Dann forderte die CDU-Politikerin alle auf, sich die Hände zu reichen. Wenig später läuteten die Glocken der Dresdner Innenstadtkirchen und weit über 15.000 Menschen standen dicht an dicht in einer etwa zwei Kilometer langen Menschenkette beisammen, als Erkennungszeichen trugen sie zumeist weiße Rosen am Revers.

Die Kette, die wegen der vielen Menschen teils doppelreihig gebildet wurde, schloss sich entlang der alten Festungswälle Dresdens um die neue Synagoge, das Rathaus und den Altmarkt - sie sollte als symbolischer Schutzwall dienen gegen jene Ewiggestrigen, die sich zur gleichen Zeit vorm Neustädter Bahnhof versammelt hatten.

Die Polizei hat unterdessen eine weitgehend positive Bilanz des Gedenktags an die Zerstörung Dresdens gezogen. Fast alle Veranstaltungen und Versammlungen hätten dem Anlass des Tages "gebührend Rechnung" getragen, erklärte Polizeipräsident Dieter Hanitsch in der Nacht zum Sonntag.
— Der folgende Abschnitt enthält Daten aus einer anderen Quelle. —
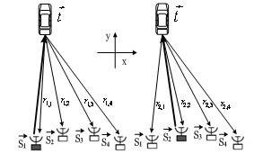 对于本文所讨论的雷达网络系统而言,四个近距离雷达传感器即是发射机又是接收机。如图6所示,通过电扫开关的控制,其中的一个NDS担当发射机,反射信号被四个NDS同时接收。经过信号处理之后,因各个NDS之间位置的不同,可以得到四组关于被测目标的距离和相对速度值(r1,1v1,1)、(r1,2v1,2)、(r1,3v1,3)、(r1,4v1,4)。这种采用单基地发射多基地接收的雷达网络体制,尽管对传感器之间的时间同步控制要求很高,但是可以避免邻近传感器之间的相互干扰。
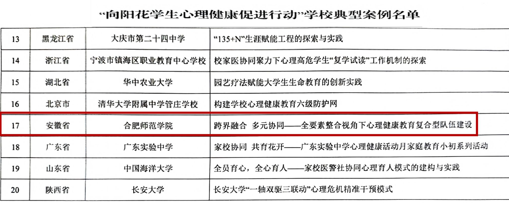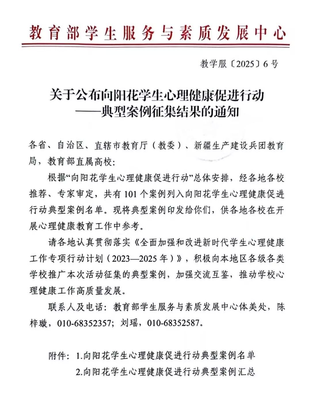 此次典型案例的入选,充分体现了我院心理健康教育工作在资源整合、队伍建设与育人实效上取得的成绩。学院将以此为契机,持续深化多元联动机制,不断探索心理育人工作的新路径,护航学生向阳成长。(学生工作处 教育与心理科学学院)
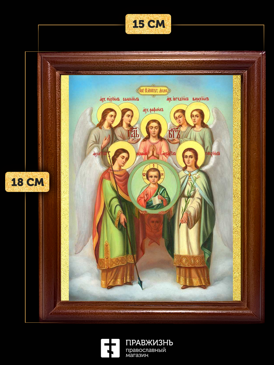 Икона собор Михаила Архангела, деревянная рамка со стеклом 15х18х2 см 105

Allerdings sei es auch immer wieder zu "Auseinandersetzungen zwischen Extremisten" von links und rechts gekommen, bei denen Unbeteiligte und Polizisten angegriffen worden seien. Die Polizei zählte mindestens 27 Leichtverletzte, darunter 15 Beamte. 29 Anhänger der linken und rechten Szene kamen demnach in Gewahrsam. Sie müssen sich unter anderem wegen Körperverletzung und Sachbeschädigung verantworten.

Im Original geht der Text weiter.